Laser Cleaning and Coating Removal
Coating removal can be difficult, time consuming, messy and result in mix waste that is expensive and bad for our environment.
Conventional methods consist of:
Wire brushes – Very time consuming – Surface damaging – Labor intensive, and lead to foreign material entering your systems and taxing your foreign material exclusion (FME) programs.
Pressure Washing – It uses a narrow, high-pressure jet of hot or cold water to blast dirt free. Because the water is traveling fast, it hits the dirty surface with high kinetic energy, knocking dirt and dust away like a constant rain of tiny hammer blows. It’s only water, though, so it doesn’t damage most hard surfaces. You are however, left with a mixture of water and its contaminants. If the water is not contained, it makes its way to our environment.
Sand Blasting – Also known as abrasive blasting – is the operation of forcibly propelling a stream of abrasive material against a surface under high pressure. If not done correctly can damage a surface. Creates waste from the abrasive material that can only be used once. In the industrial setting this causes mixed waste and is more expensive to dispose of and adds additional time and labor to a job for cleaning. The area also be taped off and clean thoroughly to prevent and FME into a system.

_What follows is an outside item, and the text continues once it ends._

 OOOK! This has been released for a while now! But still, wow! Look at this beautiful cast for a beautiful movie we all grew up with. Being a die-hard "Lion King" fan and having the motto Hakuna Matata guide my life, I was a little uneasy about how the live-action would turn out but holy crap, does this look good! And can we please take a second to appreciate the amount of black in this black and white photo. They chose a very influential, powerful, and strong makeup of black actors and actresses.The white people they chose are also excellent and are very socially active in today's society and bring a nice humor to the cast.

Laser Abatement – Cleaning with light. A pulse of light transfers energy to the surface of an object. This transfer of energy causes a shock wave that breaks the bonds of a coating with the surface material. The plasma of the laser instantaneously superheats the dislodged material causing 60 to 90% of the material to turn into a vapor. All the vapor and remaining particulates are contained via a vacuum system. Greatly reducing waste and eliminating FME.
A 1000 sqft cleaning job using sandblasting generates approximately 40 pounds of mixed waste. The same job using a laser, 14 Ounces.

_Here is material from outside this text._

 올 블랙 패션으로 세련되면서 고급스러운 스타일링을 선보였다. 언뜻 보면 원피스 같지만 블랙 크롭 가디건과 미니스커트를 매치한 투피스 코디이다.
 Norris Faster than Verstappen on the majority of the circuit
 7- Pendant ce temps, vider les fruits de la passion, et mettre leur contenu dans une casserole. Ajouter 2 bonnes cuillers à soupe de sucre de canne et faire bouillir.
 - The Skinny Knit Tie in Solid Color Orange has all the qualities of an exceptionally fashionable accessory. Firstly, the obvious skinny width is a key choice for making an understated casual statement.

The laser does not damage the surface of the underlying material. This is accomplished by understanding the photoelectric effect which states if a metal plate is irradiated with light an electron is ejected. The incongruity is that the lights ability to eject an electron, is solely dependent of its frequency and not its intensity. If the beam is below a certain frequency, even a very intense beam, it cannot eject an electron. Whereas the faintest beam possible above a certain frequency can eject and electron and damage a surface.